= Saved data entries =
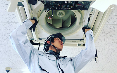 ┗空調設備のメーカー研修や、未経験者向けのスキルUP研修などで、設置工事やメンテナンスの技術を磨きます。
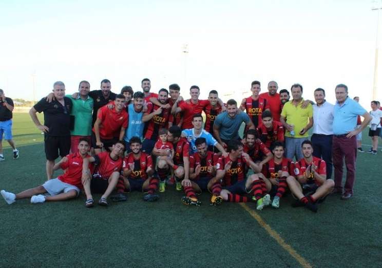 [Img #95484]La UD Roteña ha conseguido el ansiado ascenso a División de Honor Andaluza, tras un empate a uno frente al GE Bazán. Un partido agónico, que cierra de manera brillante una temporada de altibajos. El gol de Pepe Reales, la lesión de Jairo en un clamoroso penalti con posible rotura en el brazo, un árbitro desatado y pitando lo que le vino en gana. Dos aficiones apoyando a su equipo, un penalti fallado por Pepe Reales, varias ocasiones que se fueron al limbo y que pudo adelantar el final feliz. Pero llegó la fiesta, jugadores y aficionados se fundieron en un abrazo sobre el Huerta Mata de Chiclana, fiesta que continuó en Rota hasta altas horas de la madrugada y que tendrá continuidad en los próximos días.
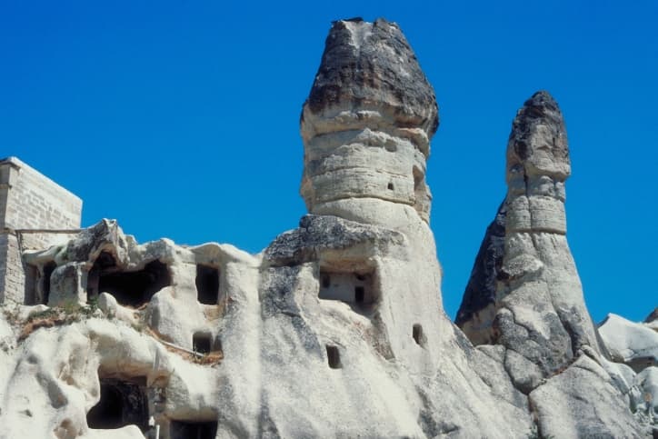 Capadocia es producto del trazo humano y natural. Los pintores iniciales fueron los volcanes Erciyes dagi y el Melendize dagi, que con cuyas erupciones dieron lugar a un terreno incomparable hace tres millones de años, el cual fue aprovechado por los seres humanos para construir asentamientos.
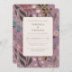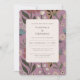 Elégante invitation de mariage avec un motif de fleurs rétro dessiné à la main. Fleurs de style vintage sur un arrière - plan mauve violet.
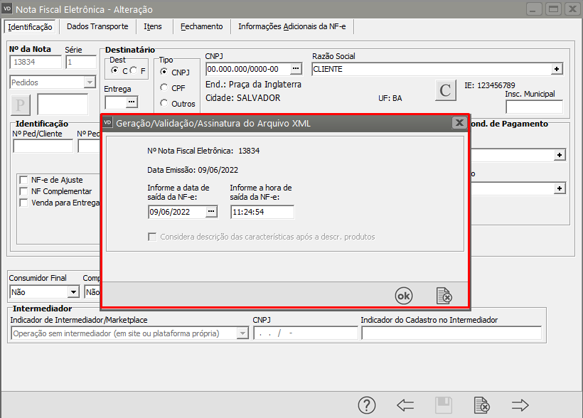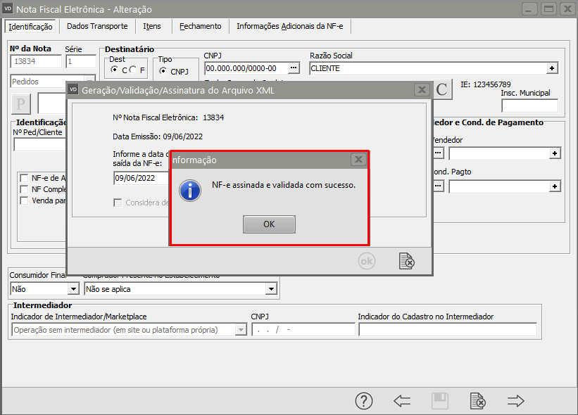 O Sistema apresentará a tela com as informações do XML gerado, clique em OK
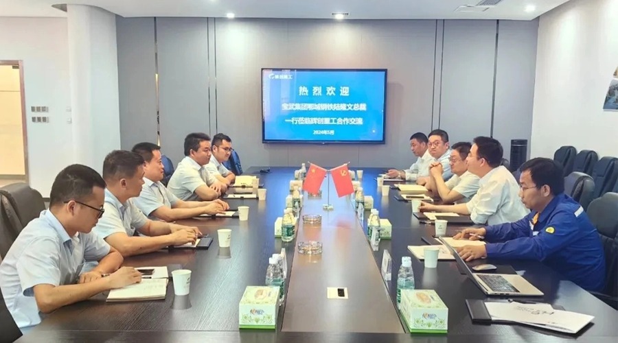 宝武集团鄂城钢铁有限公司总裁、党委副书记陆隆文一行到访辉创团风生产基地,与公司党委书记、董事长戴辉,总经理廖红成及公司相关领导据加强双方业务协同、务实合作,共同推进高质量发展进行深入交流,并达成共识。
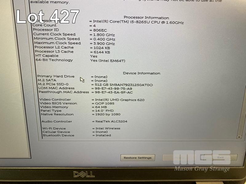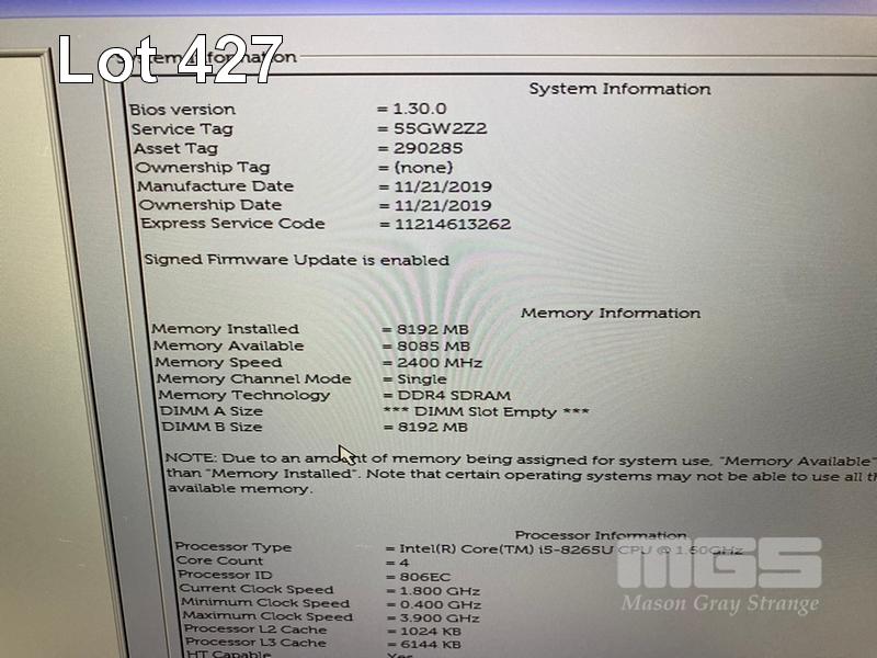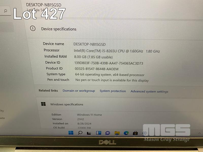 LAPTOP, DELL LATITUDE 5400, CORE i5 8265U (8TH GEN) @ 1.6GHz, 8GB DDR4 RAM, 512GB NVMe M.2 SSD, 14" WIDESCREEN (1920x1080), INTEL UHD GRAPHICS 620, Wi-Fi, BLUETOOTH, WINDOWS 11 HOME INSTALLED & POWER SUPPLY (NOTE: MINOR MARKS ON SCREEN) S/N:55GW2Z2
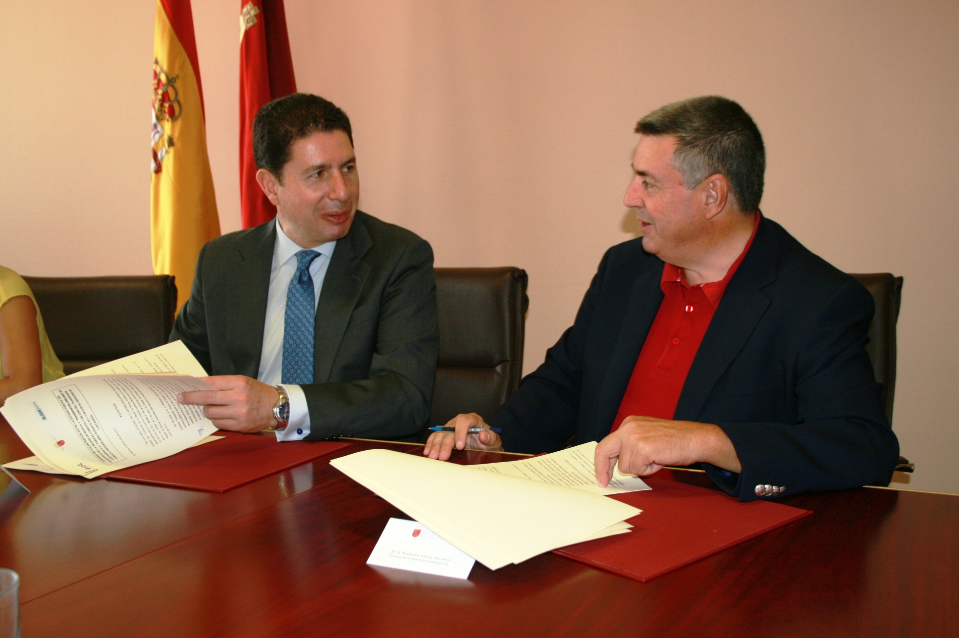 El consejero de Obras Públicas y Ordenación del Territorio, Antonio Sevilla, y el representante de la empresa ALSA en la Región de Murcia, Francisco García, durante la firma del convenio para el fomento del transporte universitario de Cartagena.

= TASK DESCRIPTION =
With the pictures removed, please retype each record exactly.

= RESPONSE TO THIS EXERCISE =
 ┗空調設備のメーカー研修や、未経験者向けのスキルUP研修などで、設置工事やメンテナンスの技術を磨きます。
 [Img #95484]La UD Roteña ha conseguido el ansiado ascenso a División de Honor Andaluza, tras un empate a uno frente al GE Bazán. Un partido agónico, que cierra de manera brillante una temporada de altibajos. El gol de Pepe Reales, la lesión de Jairo en un clamoroso penalti con posible rotura en el brazo, un árbitro desatado y pitando lo que le vino en gana. Dos aficiones apoyando a su equipo, un penalti fallado por Pepe Reales, varias ocasiones que se fueron al limbo y que pudo adelantar el final feliz. Pero llegó la fiesta, jugadores y aficionados se fundieron en un abrazo sobre el Huerta Mata de Chiclana, fiesta que continuó en Rota hasta altas horas de la madrugada y que tendrá continuidad en los próximos días.
 Capadocia es producto del trazo humano y natural. Los pintores iniciales fueron los volcanes Erciyes dagi y el Melendize dagi, que con cuyas erupciones dieron lugar a un terreno incomparable hace tres millones de años, el cual fue aprovechado por los seres humanos para construir asentamientos.
 Elégante invitation de mariage avec un motif de fleurs rétro dessiné à la main. Fleurs de style vintage sur un arrière - plan mauve violet.
 O Sistema apresentará a tela com as informações do XML gerado, clique em OK
 宝武集团鄂城钢铁有限公司总裁、党委副书记陆隆文一行到访辉创团风生产基地,与公司党委书记、董事长戴辉,总经理廖红成及公司相关领导据加强双方业务协同、务实合作,共同推进高质量发展进行深入交流,并达成共识。
 LAPTOP, DELL LATITUDE 5400, CORE i5 8265U (8TH GEN) @ 1.6GHz, 8GB DDR4 RAM, 512GB NVMe M.2 SSD, 14" WIDESCREEN (1920x1080), INTEL UHD GRAPHICS 620, Wi-Fi, BLUETOOTH, WINDOWS 11 HOME INSTALLED & POWER SUPPLY (NOTE: MINOR MARKS ON SCREEN) S/N:55GW2Z2
 El consejero de Obras Públicas y Ordenación del Territorio, Antonio Sevilla, y el representante de la empresa ALSA en la Región de Murcia, Francisco García, durante la firma del convenio para el fomento del transporte universitario de Cartagena.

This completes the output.